Analysis: Forehand Drive in Tennis Anatomical Factors • Resistance application point: at the center of gravity of the trunk-arm-racket lever. • May be considered the point of contact with the ball at the moment of impact. • Additional lever actions due to rotation of the spine, horizontal adduction at shoulder, and flexion at wrist. • Muscular Strength: shoulder abductors assisting with swing, & rotators of spine and pelvis.
Analysis: Forehand Drive in Tennis Mechanical Analysis • Purpose is to return ball in the court, but also to make it difficult to return. • Requires both high speed and accuracy. • Force of impact: speed of racket at moment of contact. • Straight backswing: ease of control, but must overcome inertia. • Circular backswing: greater distance to build momentum.
Analysis: Forehand Drive in Tennis Mechanical Analysis • Arm fully extended to increase lever length. • Effort to resist force of ball is less when the racket lever arm is shortened. • Take less time to swing a shortened racket lever into position. • Concentration of mass at shoulder level moving forward at impact ensures maximum speed of striking.

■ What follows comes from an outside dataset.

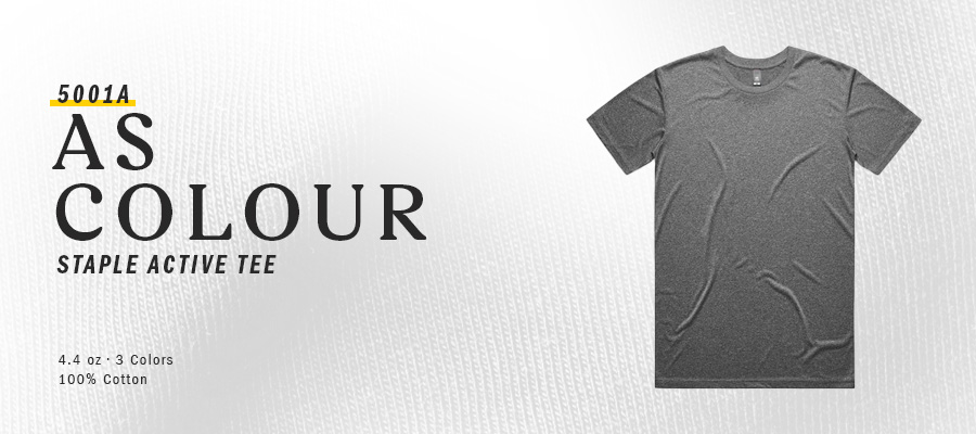 “The perfect workout tee. Super lightweight and doesn’t hold onto sweat. Most other athletic blanks are lower quality and are not flattering. The As Colour 5001A is the opposite and is more comparable to a high-quality athletic shirt like Gym Shark or a Lululemon blank at a reasonable price.“

Analysis: Forehand Drive in Tennis Mechanical Analysis • Skillful players use a heavier racket - greater mass of implement greater striking force. • A new ball and well strung racket ensure good coefficient of restitution (elasticity). • Shift weight while striking the ball to increase ground reaction force imparted to body & ball. • Firm wrist and grip are essential for maximum impulse to be applied by the racket to the ball.
Analysis: Forehand Drive in Tennis Mechanical Analysis • Direction of struck ball is determined by: • Direction of implement at impact. • Relation of striking force to ball’s center of gravity, control of spin. • Firmness of grip and wrist at impact. • Angle of incidence.